Dataset records:
****************************************
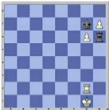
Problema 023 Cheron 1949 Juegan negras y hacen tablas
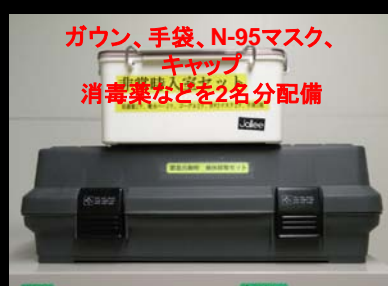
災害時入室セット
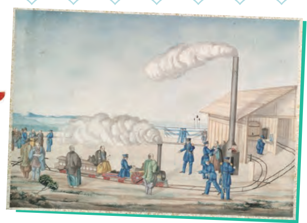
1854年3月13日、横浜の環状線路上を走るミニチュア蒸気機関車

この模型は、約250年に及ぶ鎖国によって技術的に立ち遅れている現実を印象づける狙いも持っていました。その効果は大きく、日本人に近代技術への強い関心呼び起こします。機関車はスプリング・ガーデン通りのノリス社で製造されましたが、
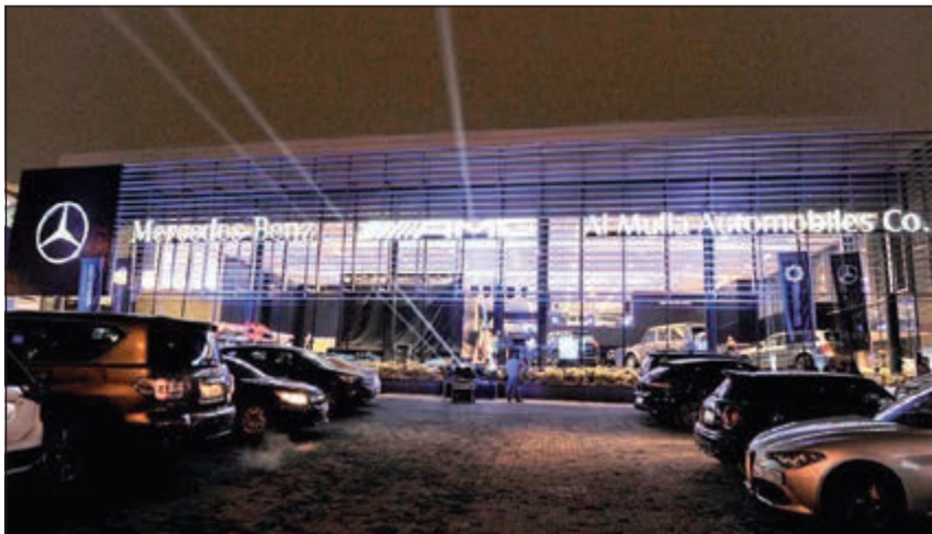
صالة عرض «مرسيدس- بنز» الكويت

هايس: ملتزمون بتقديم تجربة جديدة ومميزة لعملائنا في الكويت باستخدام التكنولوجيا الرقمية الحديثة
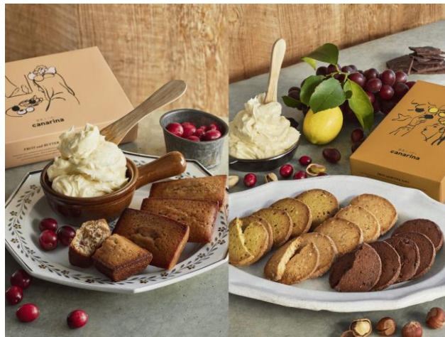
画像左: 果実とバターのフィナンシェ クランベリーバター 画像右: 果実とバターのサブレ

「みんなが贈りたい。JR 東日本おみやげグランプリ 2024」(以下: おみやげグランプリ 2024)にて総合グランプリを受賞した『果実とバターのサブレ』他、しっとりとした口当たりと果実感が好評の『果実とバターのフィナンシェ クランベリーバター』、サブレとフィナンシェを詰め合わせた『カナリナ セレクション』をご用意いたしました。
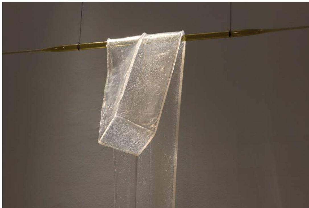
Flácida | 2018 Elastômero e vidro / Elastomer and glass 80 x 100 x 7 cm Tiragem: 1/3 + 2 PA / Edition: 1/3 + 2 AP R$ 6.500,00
****************************************
| Exercise prompt |
Go through the lines above and count those with "果実とバターのフィナンシェ"; report only the number.

| Written reply |
2